Are You Wasting Your Security and Loss Prevention Budget?
Allocating resources is a challenge for every company dealing with security in multiple brick-and-mortar locations. It’s not as simple as dividing the total corporate security budget evenly by the number of locations. Instead, the object is to allocate resources according to the actual level of risk at each of those locations.
The security budget has to cover a variety of resources. The most obvious areas are staffing and technology, and the ongoing training involved with both. The budget should also cover creating or acquiring asset protection materials and disseminating them appropriately.
Many companies start with a baseline level of security that is the same across the board, then add or change elements as things occur at particular sites. This is an acceptable approach, but it may only be effective for a period of time. As companies grow in size, the challenge of appropriate security budget allocation grows in complexity.
How do you go about developing effective asset protection strategies? How do you avoid wasting money by spending it where it isn’t needed?

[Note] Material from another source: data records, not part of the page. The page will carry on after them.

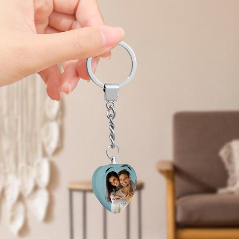 Valentine's Gifts Custom Photo Keychain Personalized Crystal Heart Keyring Photo Heart Shape Keychain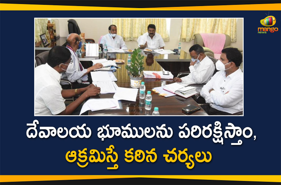 హైదరాబాద్ పరిధిలో రూ.55 కోట్ల వ్యయంతో 13 ప్రాంతాల్లో నిరుపయోగంగా ఉన్న దేవాదాయ భూముల్లో షాపింగ్ కాంప్లెక్స్ లు, కళ్యాణ మండపాల నిర్మాణానికి ప్రణాళికలు రూపొందించామని దేవాదాయ శాఖ కమిషనర్ అనిల్ కుమార్ ఈ సందర్భంగా మంత్రులకు వివరించారు. రాష్ట్ర వ్యాప్తంగా స్పెషల్ డ్రైవ్ ద్వారా 1300 ఎకరాల ఆలయ భూములను గుర్తించి వెనక్కి తీసుకున్నామని, 21 వేల ఎకరాల ఆలయ భూములకు రక్షణ సరిహద్దు బోర్డులు ఏర్పాటు చేశామని తెలిపారు. దీర్ఘ కాలంగా కోర్టుల్లో పెండింగ్ లో ఉన్నదేవాదాయ శాఖ భూములపైన ఉన్న వివాదాలను పరిష్కరించేందుకు కోర్టుల్లో బలమైన వాదనలు వినిపించేందుకు ప్రత్యేక చర్యలు తీసుకోవాలన్నారు. అవసరమైతే లీగల్ ఆఫీసర్లను కూడా నియమించాలని చెప్పారు. పోలీసు శాఖ సమన్వయంతో స్పెషల్ టాస్క్ ఫోర్స్ ను ఏర్పాటు చేసి, భూ ఆక్రమదారులను ఖాళీ చేయించాలని మంత్రులు ఆదేశించారు.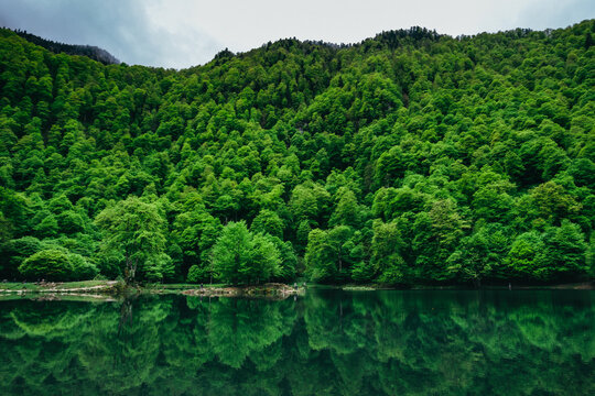 Tranquil lake reflecting autumn foliage in peaceful forest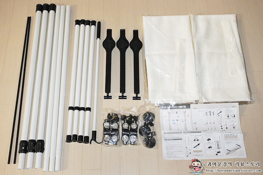 커튼파이프 2개, 상부 하부 각각 기둥 3개, 가로봉 4개, Y형 옷집게, 커튼팔 3개, 커튼 2장,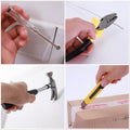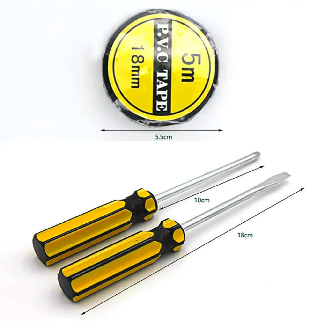 Features: 1.Flat-shaped and Phillips screwdrivers are made of CR-V alloy steel, which is strong and durable. The rubber handle is made of environmentally friendly materials, with raised patterns on the surface, which feels comfortable and effectively prevents slippage. 2.The 2M tape measure is a national standard tape, which is accurate. Strong lock, smooth tape recovery. The ruler tape has good toughness, bends at will without breaking. 3.The cutting mouth of the vise is sharp, which makes it easy to cut the wire. Non-slip rubberized handle, beautiful and durable, anti-corrosion. The pliers body is forged with high-quality carbon steel, with high cutting edge hardness, sharpness and durability. Description: This is a powerful toolbox, which is essential for your home! Specifications: Tool box size: 24*17*5cm Total weight: about 735g Scope of application: dual-use for home and car Number of kits: 9PCS Type: Repair Tool Package Included: 1x 2M tape measure 1x Utility Knife 1x slotted screwdriver 1x Tester 1x Phillips screwdriver 1x vise 1x Claw Hammer 1x Electric tape 1x box-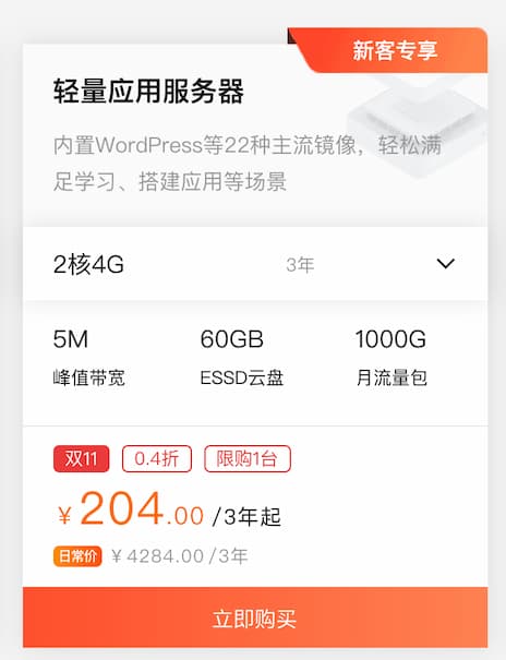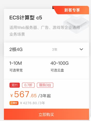 用这个邀请链接(有返利): https://www.aliyun.com/minisite/goods?taskPkg=1111ydsrwb&pkgSid=75639&recordId=1514635&userCode=zpda9d2e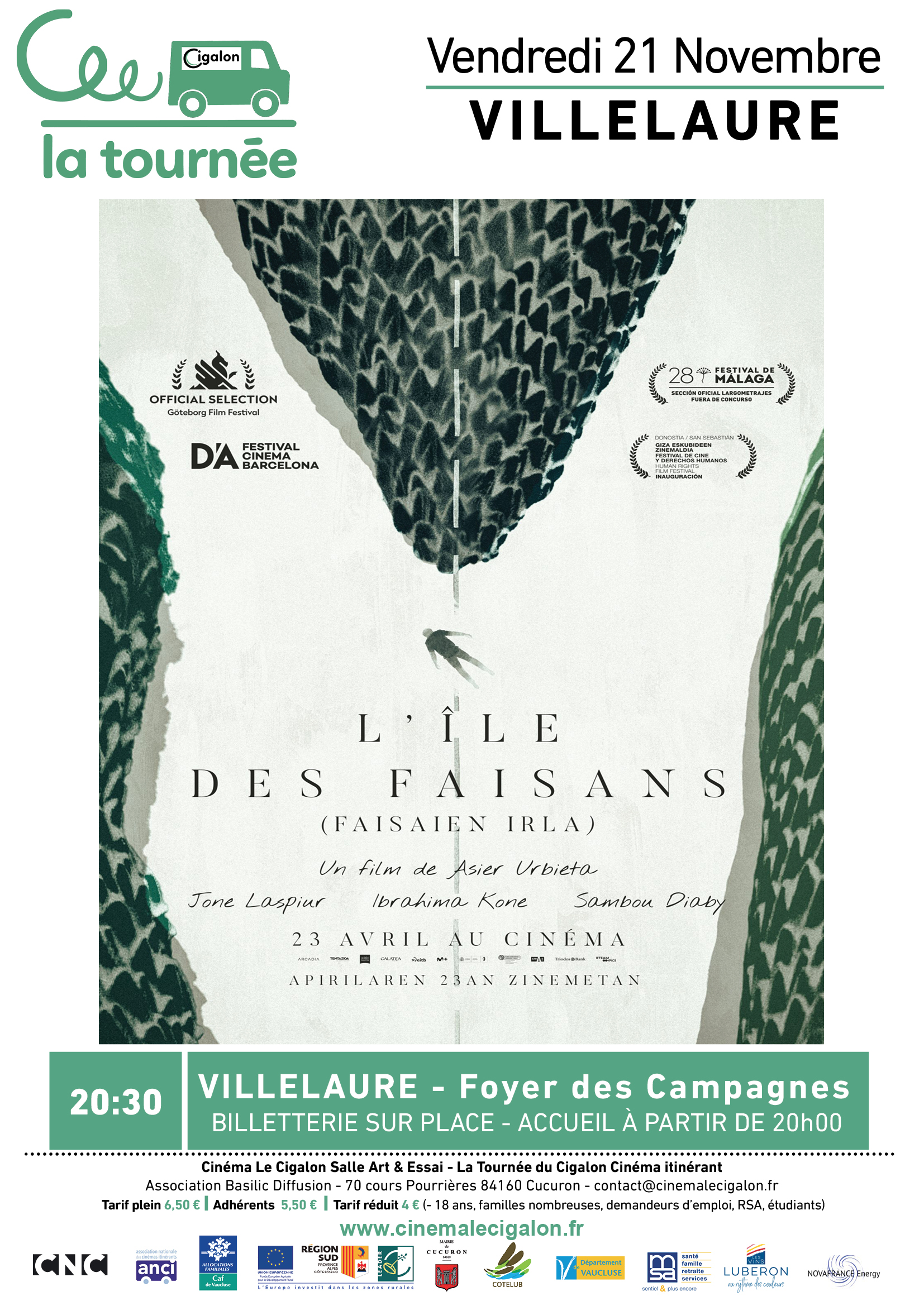 | À VILLELAURE, Foyer des Campagnes Vendredi 21 Novembre à 20H30 L'ÎLE DES FAISANS Un film de Asier Urbieta Avec Jone Laspiur, Sambou Diaby, Itziar Ituño Policier, Drame - Espagne, France - 2025 – 1H38 L'apparition d'un cadavre sur l'île des Faisans fait irruption dans la vie de Laida et Sambou, un jeune couple qui vit à la frontière de la Bidasoa. L'île des faisans est le plus petit condominium au monde. La moitié de l'année, elle appartient à l'État espagnol, et l'autre moitié à l'État français. Elle émerge au milieu de la rivière Bidasoa, frontière naturelle qui sépare les deux États. | |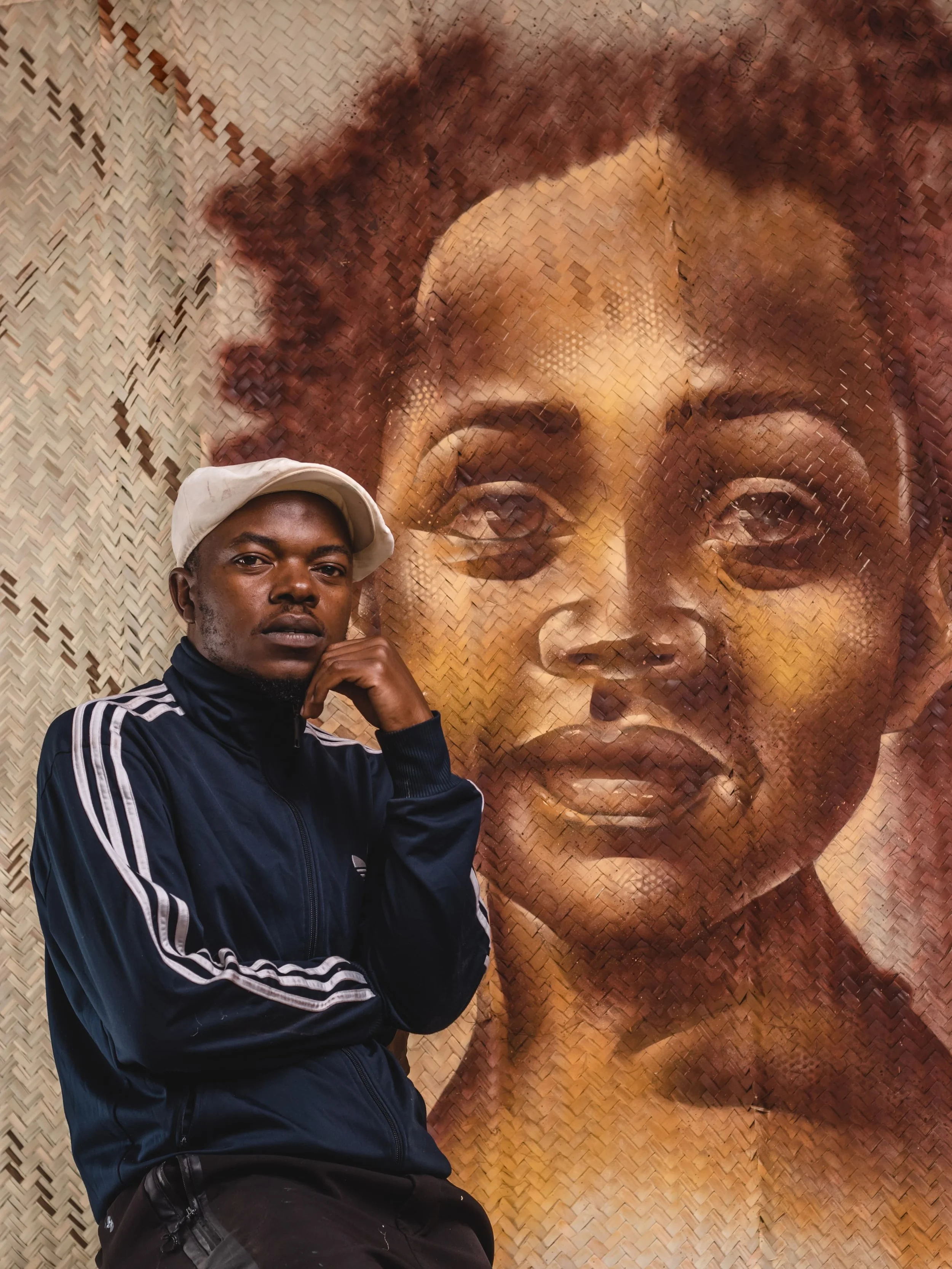 Working across unconventional surfaces, such as burlap sacks, makuti mats, papyrus, and salvaged materials, Swift9 creates pieces that absorb both paint and history.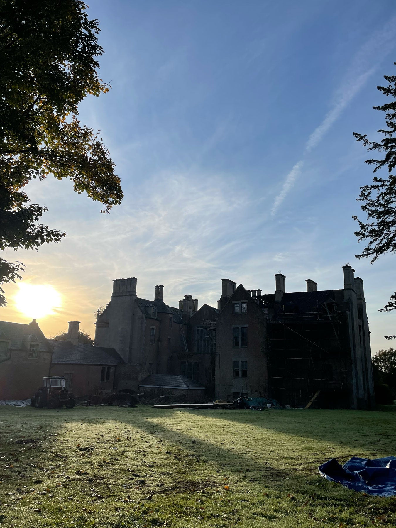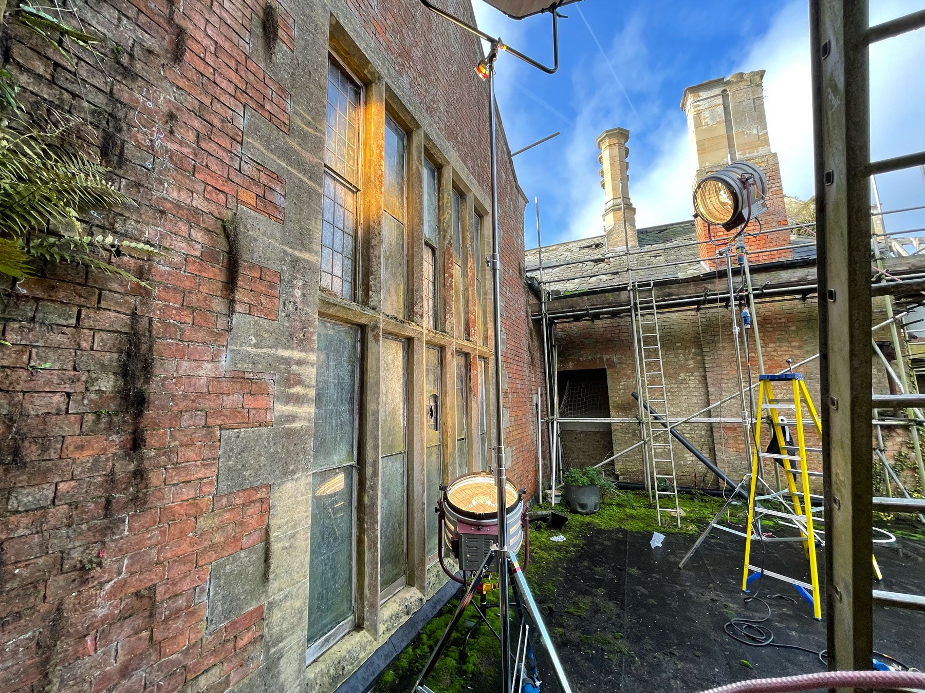 Lights outside the windows add atmosphere to the Yorkshire manor house where Drastic Symphonies photography and video took place, 2022. Courtesy of Ellen Wright-Martin.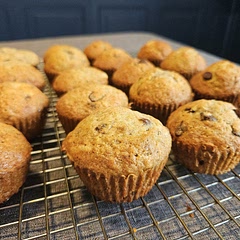 Preheat over to 350 F. Mix flour, sugar, baking powder, baking soda and salt. Add eggs, oil, and bananas. Add choc chips. Spoon into greased muffin tins (fill each about 2/3 full). Bake for 20 minutes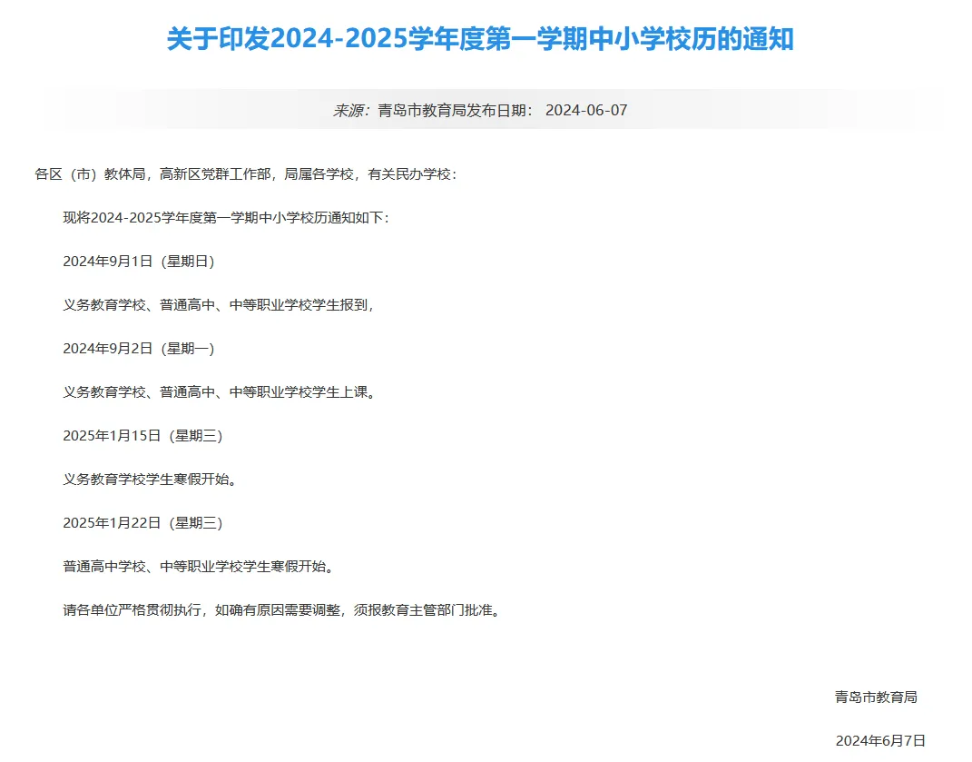 青岛市正式公布了2024-2025学年度第一学期的校历,确认了新学期的开学日期为9月1日。齐鲁家长圈为大家整理青岛市2024-2025学年度第一学期校历,一起来关注一下吧~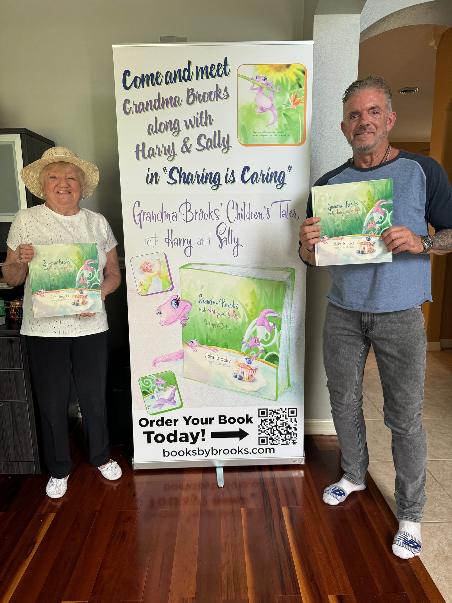 Welcome to our website, BooksByBrooks.com. My name is John Brooks and I am currently the author in developing the Grandma Brooks and Harry and Sally children’s stories. These classic tales have a rich family history, started by Grandma Brooks years ago when our three children were young toddlers, eager in imagination and creative thought. Fast forward twenty years and my promise to my mom has come true, as we now bring those wonderful talking lizards, Harry and Sally, to all children across the globe in the form of a childrens book series. Our first book, “ Grandma Brooks meets Harry and Sally, Sharing is Caring” is now complete and ready to share.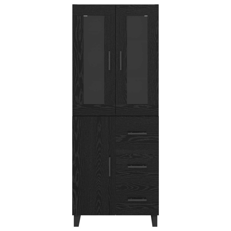 Висок шкаф 2 pcs Черния дъб Инженерна дървесина и стъкло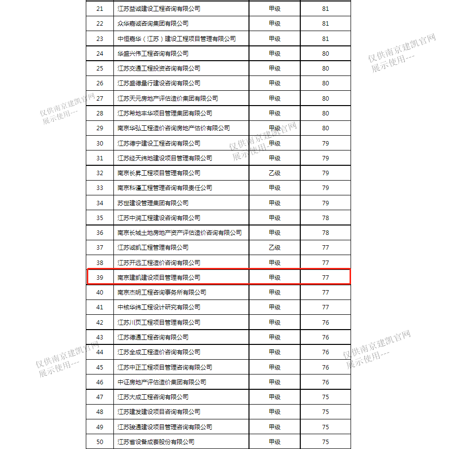 恭喜我司入选“南京市2022年四季度工程造价咨询企业信用分值排名前20%企业名单”

Two Major Mistakes to Avoid When Allocating Loss Prevention Budgets
Start by recognizing the two biggest mistakes companies make in allocating security resources, so you can avoid them.
The first mistake is making decisions based on subjective emotions instead of objective data. Hunches and gut reactions, even when they’re based on years of experience, may not lead to the ideal deployment of resources. It’s not enough to think one location is safer than another; you need the data about loss and risk to back up that hunch.
The other mistake is closely related: making security budget allocations reactively, instead of proactively. When an incident occurs, the tendency may be to move resources to that site to prevent a recurrence. But was the incident a one-off or part of a larger pattern? You need detailed data about the area to be sure you’re not deploying more resources than necessary.
In addition, changes in staffing are often made as a hasty reaction to an event, or as a result of requests from the field. Unfortunately, such changes don’t always get the appropriate follow-up. It could be years before that decision is revisited to see if the measures were effective. If not, you may have spent a significant amount of money for increased security at a site that didn’t need it.
Avoid both of these mistakes by creating a data-driven budget that is based on an objective evaluation of the risks at each of your locations.
The Human Effect of Misallocating Security Resources
If resources are not allocated properly, you risk numerous serious negative consequences, most of which impact your bottom line.
To start, an incident could cause physical, emotional, or financial harm to your employees and customers, and also have ongoing repercussions for your company. One of the most obvious: If the incident was preventable, you might face a lawsuit for inadequate security.
Aside from harming people, you also risk damaging your brand. Customers make decisions based on safety perceptions. They will come – or stay away – based on how safe and secure they feel. And the answer isn’t necessarily to add more guards: Too much visible security can be off-putting to some and have an unwanted negative effect.
The Financial Effect of Misallocating Security Resources
There are two sides to calculating the bottom line: expenditures and revenue. Poor choices in allocating your loss prevention budget may have a negative effect on both. You can lose money by failing to spend it where it will prevent crime and loss, and waste money by spending it where it’s not needed.
Beyond the direct loss, a robbery or other incident may also indirectly lead to lost revenue for the company as a whole. Customers may stay away from that location. Plus, fairly or not, an entire chain sometimes takes a hit to its reputation because of something that happened at one location.
Decreased revenue isn’t the only damage done to the bottom line. Making a profit also depends on minimizing inessential expenditures. When you spend too much on resources that aren’t needed, such as increased security at a location that isn’t actually unsafe, you’re throwing money away.
In the corporate world, all decisions are subject to a cost-benefit analysis. Whether big or small, your loss prevention budget needs to be used in a way that optimizes resources and maximizes the company’s return on its investment in security resources.
The C-suite knows this. If you can’t justify the ROI of your expenditures to leadership, your budget could shrink in future years. This creates a downward spiral in which your resources are spread increasingly thin, and your job becomes increasingly difficult.
How to Optimize Your Loss-Prevention Budget
Use up-to-date, objective data, looking at each of your locations individually. External crime risk is different area to area and site to site. Data analysis isn’t a one-and-done deal. Best practice calls for you to reassess your risks annually, during the period when budgets are set. This shows due diligence, which is useful in any litigation that may arise after an incident.
And remember, not all loss comes from external factors. It’s crucial that you understand the nature of your losses. Different asset protection strategies are required to combat external and internal threats.
In companies operating beyond the mom-and-pop level, “It’s always been done this way” is not an effective basis for setting a corporate security budget. Switch to a data-driven approach that provides a quantifiable ROI that will impress your leadership team.